Farewell Ponting
"Major announcement at 1pm SCG TODAY involving a senior Australian cricketer." As soon as that not particularly cryptic email from Cricket Australia landed in inboxes around the cricketing world, everyone knew that Ricky Ponting's tenure as Australia's captain could now be measured in hours rather than months or even years. In truth, nobody needed an email. As soon as Australia crashed out of the World Cup at the quarter final stage - a disaster for a country that hoisted the trophy in the last three tournaments - it was clear that the Ponting era had come to an end.
I'm in England, where the news of Ponting's resignation is a big deal. It's the headline sports story of the day. He's a figure who English fans love to hate, but sneakingly admire. A great batsmen, an extraordinarily tough competitor, though a tactically suspect captain.
As I've written before in this space, I've long thought that Ponting gets an unfairly bad press, not least from Australia's cricketing scribes. He was never a popular replacement for Steve Waugh, a legend among Aussie sporting legends, and his critics will claim that his success as an Australian captain came during the Warne/McGrath era when the team could virtually have run on auto-pilot. Certainly, as soon as Warne, McGrath, Gilchrist and co retired, we saw the end of cricket's unipolar world in which Australia was the sole superpower. Afterwards, Ponting's job was to manage his side's decline.

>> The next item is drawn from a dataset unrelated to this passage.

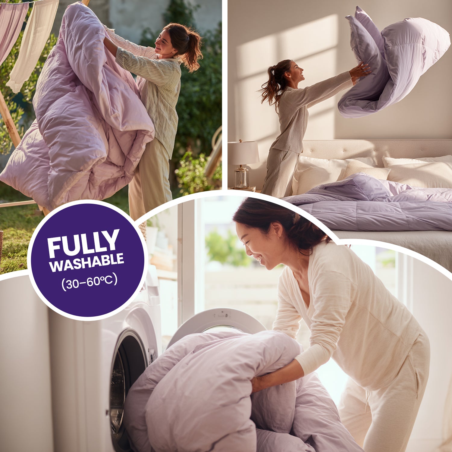 Made from soft, breathable microfiber with a luxurious look & feel. Designed to make your bed in seconds – no cover, no hassle. Fully washable, hypoallergenic, and suitable for all seasons.

I first met Ponting at a fashion event soon after arriving in Sydney - we had both been dragged along by our wives - and he was charming, friendly and, best of all, extremely candid. Australia was just about to set about regaining the Ashes, and he was disarmingly honest about why his team had been beaten in England the year before. He was also confident they would beat England convincingly on home soil - not a bad call on the eve of a 5-0 series.
At press conferences, Ponting tended to avoid the dreadful "they gave it 100%" clichés and spoke much more intelligently about the nuances of the game. At those same press availabilities, however, he could be painfully thin-skinned, especially when he copped criticism from former players - and especially former captains - about his lack of tactical smarts.
His books, the Captain's Diary series, also revealed the good and bad. The supportive captain, who cherished the Baggy Green culture invented to a large extent by Waugh. The loving husband, and later devoted father. The dedicated pro who thought there was no better job in the sporting world than captaining his country.
But they also revealed him to be rather peevish at times. He used the books to settle quite a few scores, and once I remembering his complaining about the cost of laundry on an Ashes tour in Britain, which seemed a lesser concern for a multi-millionaire sportsmen. Recently, we've seen a few ugly outbursts on the pitch, which suggested he was buckling under the pressure of leading what by Australian standards was a fairly mediocre side.
Ponting has said he plans to keep playing at an international level. The great fear of Cricket Australia was that he would not want to play on unless he was the captain. And for my money he is still Australia's finest batsmen, even if his form has slumped alarmingly in recent series. Perhaps he will drop down the batting order.
So farewell Punter Ponting - a man who brought to the game much more of the good than the bad and the ugly.